Top of Exercise data
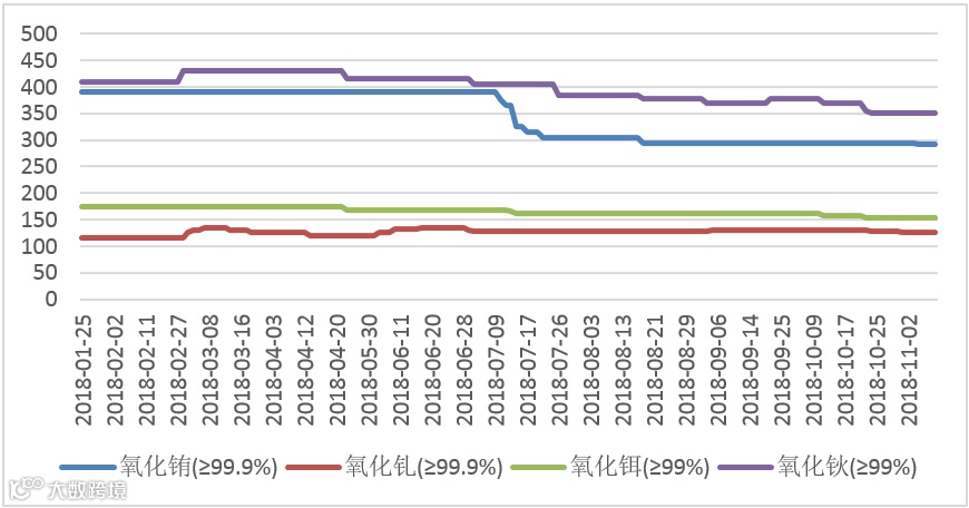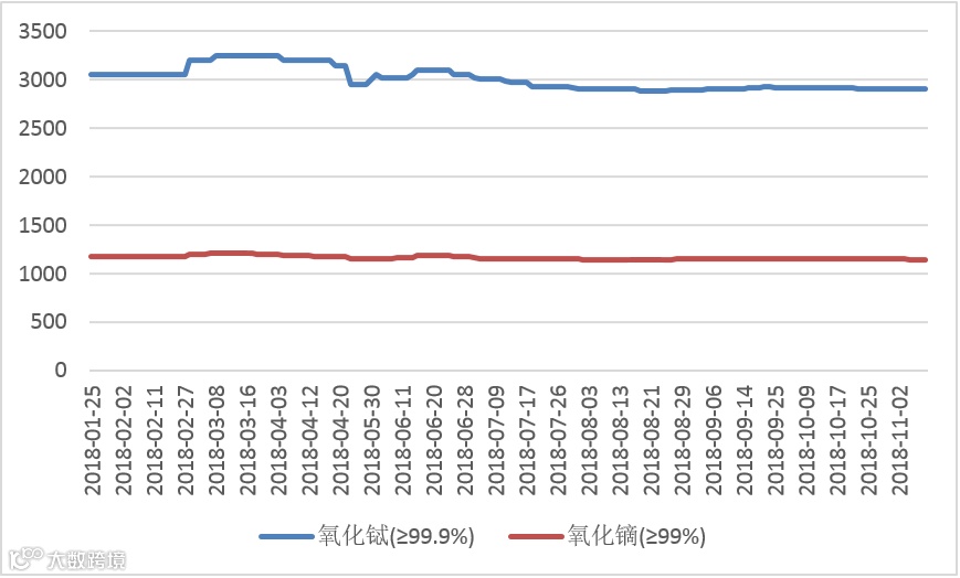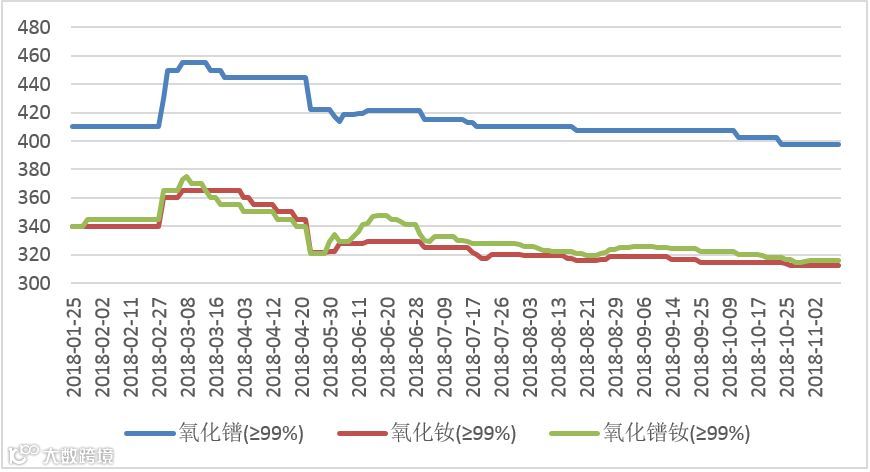 2018年氧化镨(钕、镨钕)价格走势图 元/公斤
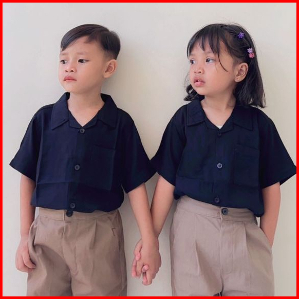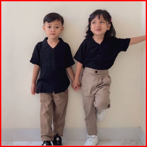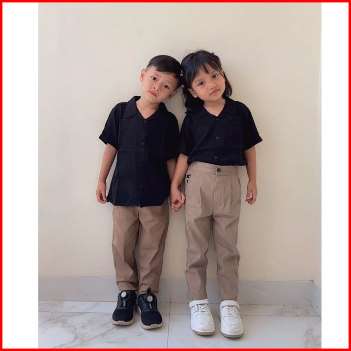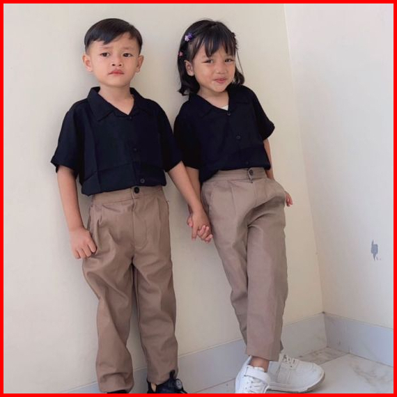 Follux - Oneset Korean Style Kemeja Polos Celana Chinos Unisex Usia 1-10 Tahun
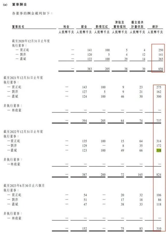 其中,董事会主席兼执行董事贾正屹、执行董事兼董秘刘萍、执行董事兼副总经理丛斌合计分走了65.6万元、73.7万元、82.4万元、31万元。
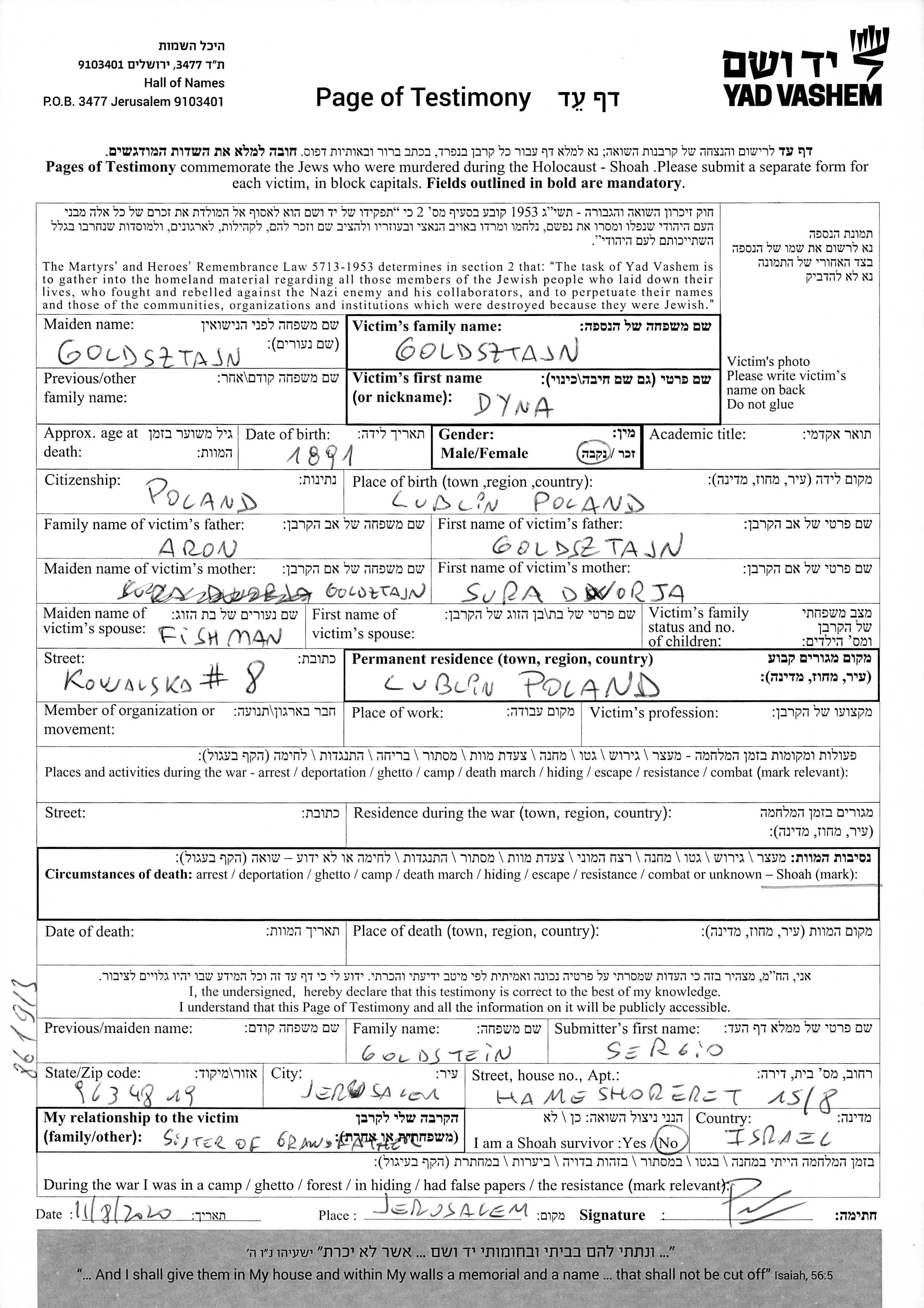 Dyna Fishman, geb. Goldsztajn wurde im Jahr 1891 in Lublin, Polen geboren. Sie war die Tochter von Aron und Sura Dworja. Vor dem Zweiten Weltkrieg lebte sie in Lublin, Polen.
Bottom of Exercise data
Task to complete:
Leave the pictures out. Output exactly, and only, the lines from the one with "Follux - Oneset" through the last line of the listing above, both included.

Problem solution:
 Follux - Oneset Korean Style Kemeja Polos Celana Chinos Unisex Usia 1-10 Tahun
 其中,董事会主席兼执行董事贾正屹、执行董事兼董秘刘萍、执行董事兼副总经理丛斌合计分走了65.6万元、73.7万元、82.4万元、31万元。
 Dyna Fishman, geb. Goldsztajn wurde im Jahr 1891 in Lublin, Polen geboren. Sie war die Tochter von Aron und Sura Dworja. Vor dem Zweiten Weltkrieg lebte sie in Lublin, Polen.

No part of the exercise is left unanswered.